- About this task
An exact reprint of the listing is required, with no pictures included.

━━━━━ Task inputs

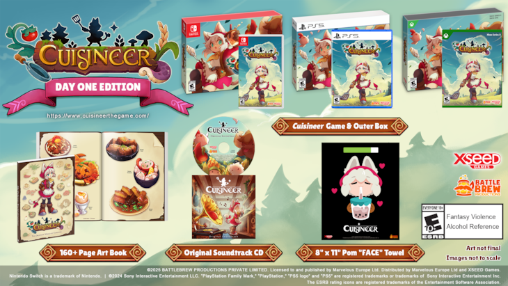 TORRANCE, Calif. — Jan. 28, 2025 — Marvelous Europe alongside XSEED Games and BattleBrew Productions announced Cuisineer, the roguelite-flavored dungeon crawler is now available digitally and in a limited physical release for the Nintendo Switch™ system, PlayStation®5, and Xbox Series X|S consoles. Elevating its lauded recipe on PC, the beloved roguelite/restaurant sim now plates its enticing gameplay with fresh ingredients including a scrumptious new wardrobe feature, year-round festivals, and additional sizzling weapons and boosts that are sure to spice things up.
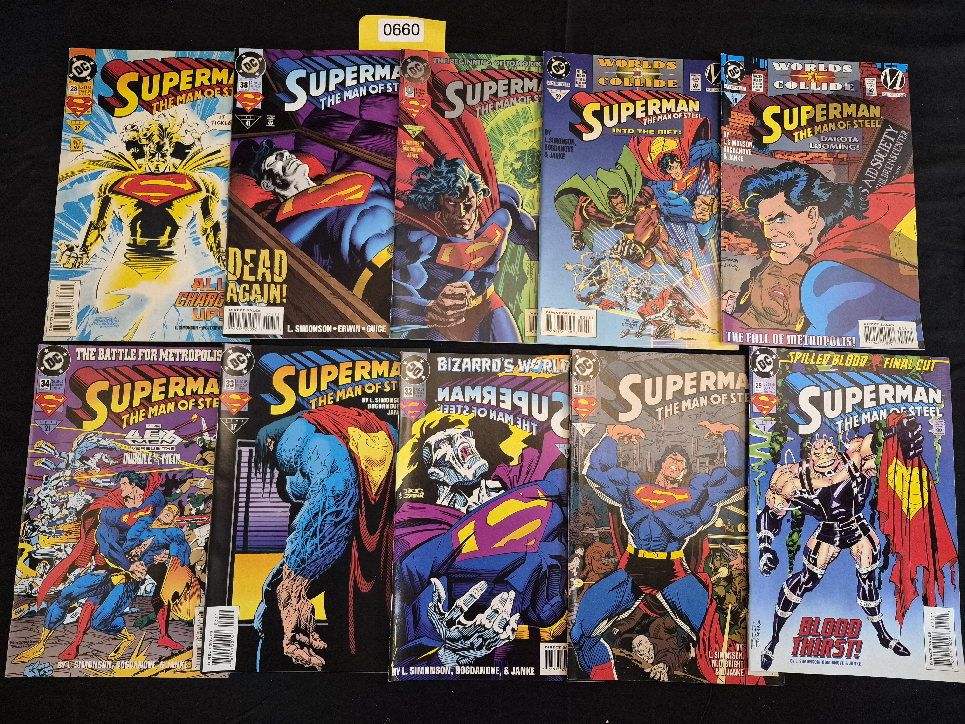 BID PER WHAT YOU SEE IN THE PHOTO, NOT THE AI GENERATED TITLES AND DESCRIPTIONS! A collection of 12 DC Comics comic books from the 1990s, all part of the Superman The Man of Steel series. The issues are dated primarily 1993 and 1994 and feature the contemporary art style of the era. The collection includes issues numbered #0, #28, #29, #30, #31, #32, #33, #34, #35, #36, #37, and #38. Notable storylines represented include Dead Again!, the Worlds Collide crossover, The Fall of Metropolis!, and Bizarro’s World. Each book is printed on paper with glossy cardstock covers and displays the DC Comics logo and the Comics Code Authority seal. Cover prices are marked as $1.50 US.
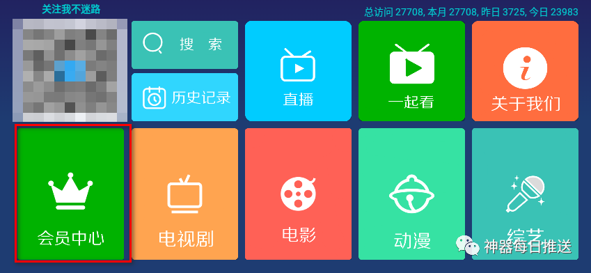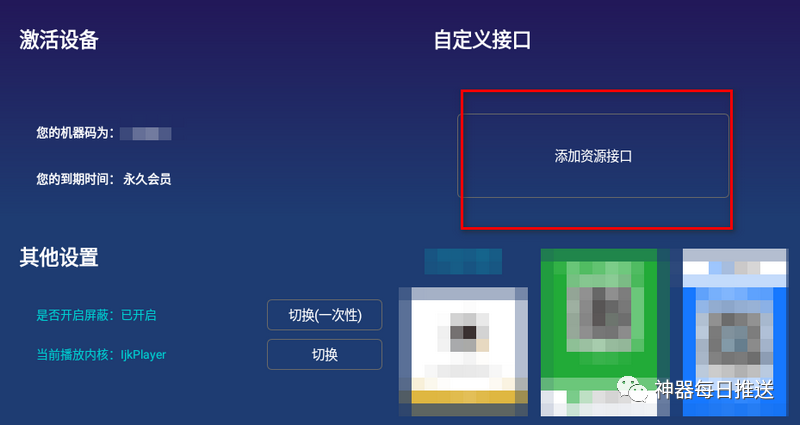 2、在电视上安装好「残影影视TV115」版之后,如下图所示,找到「会员中心」打开,然后找到「添加资源接口」按照文字提示操作;
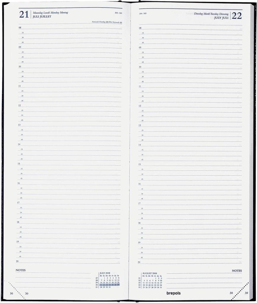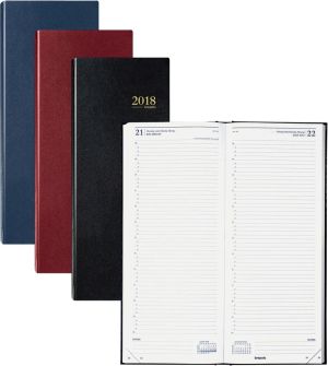 - 1 dag per pagina Kwartierindeling (8u - 20u) 4-talig Boekgebonden Wit houtvrij papier van 70 g/m² 400 pagina's Met scheurhoekjes Kaft uit effen kunstleder Ft 128 x 330 mm Certificaat: FSC Mix Lima, geassorteerde kleuren: bordeaux, blauw en zwart
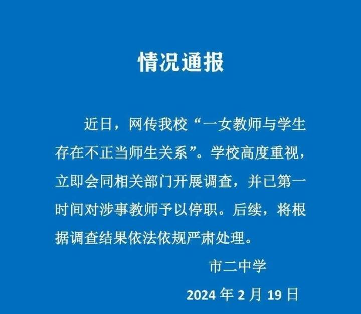 近日,网传我校“一女教师与学生存在不正当师生关系”。学校高度重视,立即会同相关部门开展调查,并已第一时间对涉事教师予以停职。后续,将根据调查结果依法依规严肃处理。
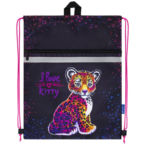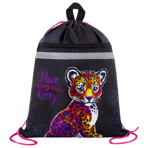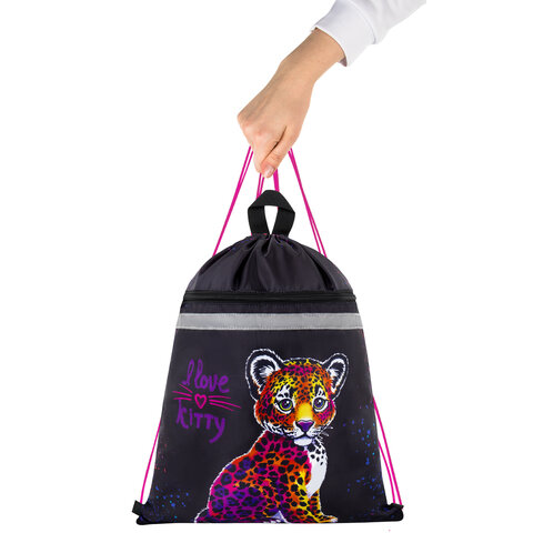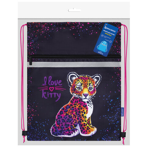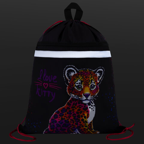 Мешок для обуви BRAUBERG, с петлей, светоотражающая полоса, 2 отделения, 46х36 см, Leopard, 272395
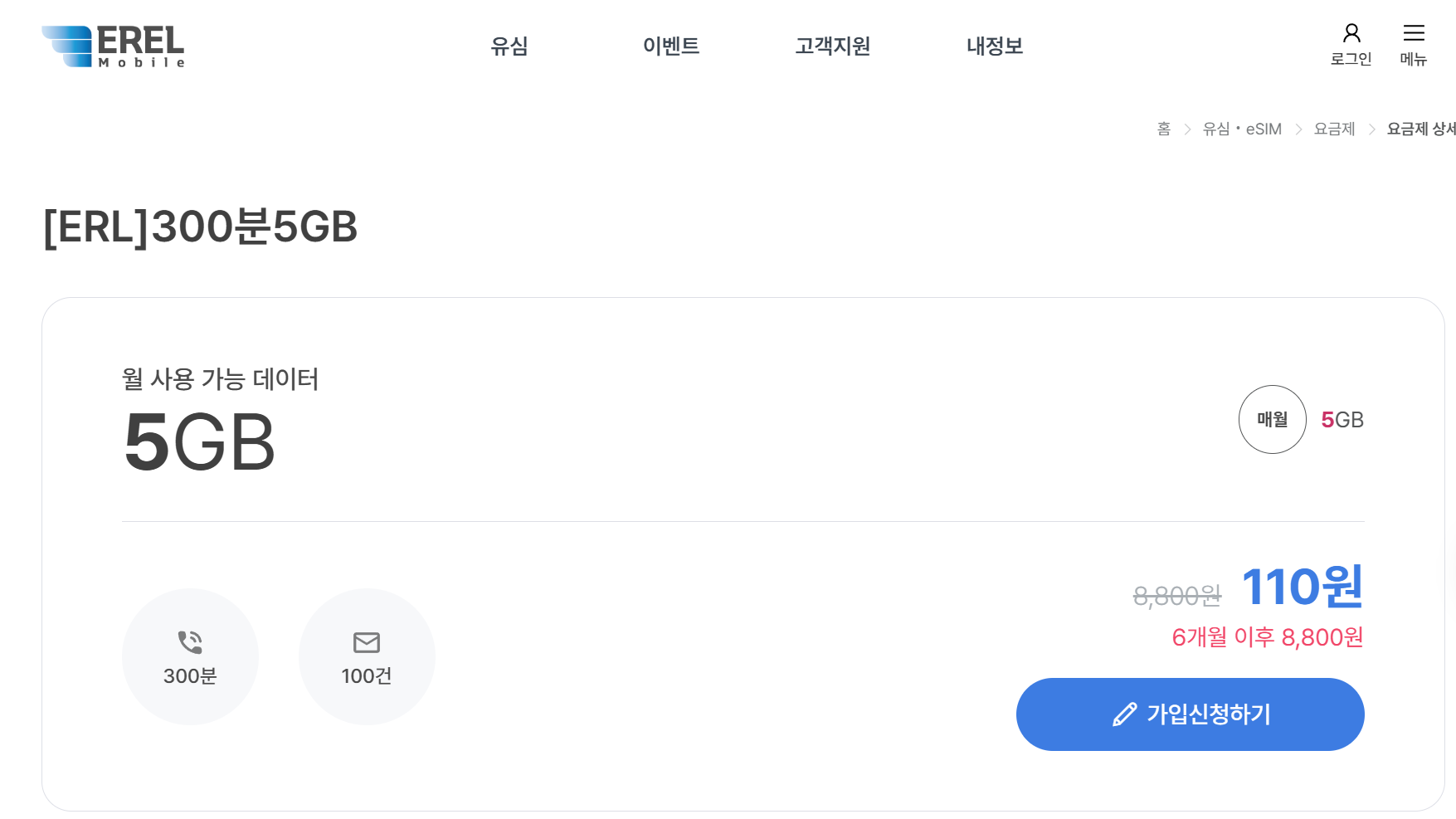 알뜰폰 서비스 업체중 하나인데요. 최근에 300분 5GB를 110원에 6개월간 서비스하고 있습니다.

━━━━━━━━━━

- Finished exercise
 TORRANCE, Calif. — Jan. 28, 2025 — Marvelous Europe alongside XSEED Games and BattleBrew Productions announced Cuisineer, the roguelite-flavored dungeon crawler is now available digitally and in a limited physical release for the Nintendo Switch™ system, PlayStation®5, and Xbox Series X|S consoles. Elevating its lauded recipe on PC, the beloved roguelite/restaurant sim now plates its enticing gameplay with fresh ingredients including a scrumptious new wardrobe feature, year-round festivals, and additional sizzling weapons and boosts that are sure to spice things up.
 BID PER WHAT YOU SEE IN THE PHOTO, NOT THE AI GENERATED TITLES AND DESCRIPTIONS! A collection of 12 DC Comics comic books from the 1990s, all part of the Superman The Man of Steel series. The issues are dated primarily 1993 and 1994 and feature the contemporary art style of the era. The collection includes issues numbered #0, #28, #29, #30, #31, #32, #33, #34, #35, #36, #37, and #38. Notable storylines represented include Dead Again!, the Worlds Collide crossover, The Fall of Metropolis!, and Bizarro’s World. Each book is printed on paper with glossy cardstock covers and displays the DC Comics logo and the Comics Code Authority seal. Cover prices are marked as $1.50 US.
 2、在电视上安装好「残影影视TV115」版之后,如下图所示,找到「会员中心」打开,然后找到「添加资源接口」按照文字提示操作;
 - 1 dag per pagina Kwartierindeling (8u - 20u) 4-talig Boekgebonden Wit houtvrij papier van 70 g/m² 400 pagina's Met scheurhoekjes Kaft uit effen kunstleder Ft 128 x 330 mm Certificaat: FSC Mix Lima, geassorteerde kleuren: bordeaux, blauw en zwart
 近日,网传我校“一女教师与学生存在不正当师生关系”。学校高度重视,立即会同相关部门开展调查,并已第一时间对涉事教师予以停职。后续,将根据调查结果依法依规严肃处理。
 Мешок для обуви BRAUBERG, с петлей, светоотражающая полоса, 2 отделения, 46х36 см, Leopard, 272395
 알뜰폰 서비스 업체중 하나인데요. 최근에 300분 5GB를 110원에 6개월간 서비스하고 있습니다.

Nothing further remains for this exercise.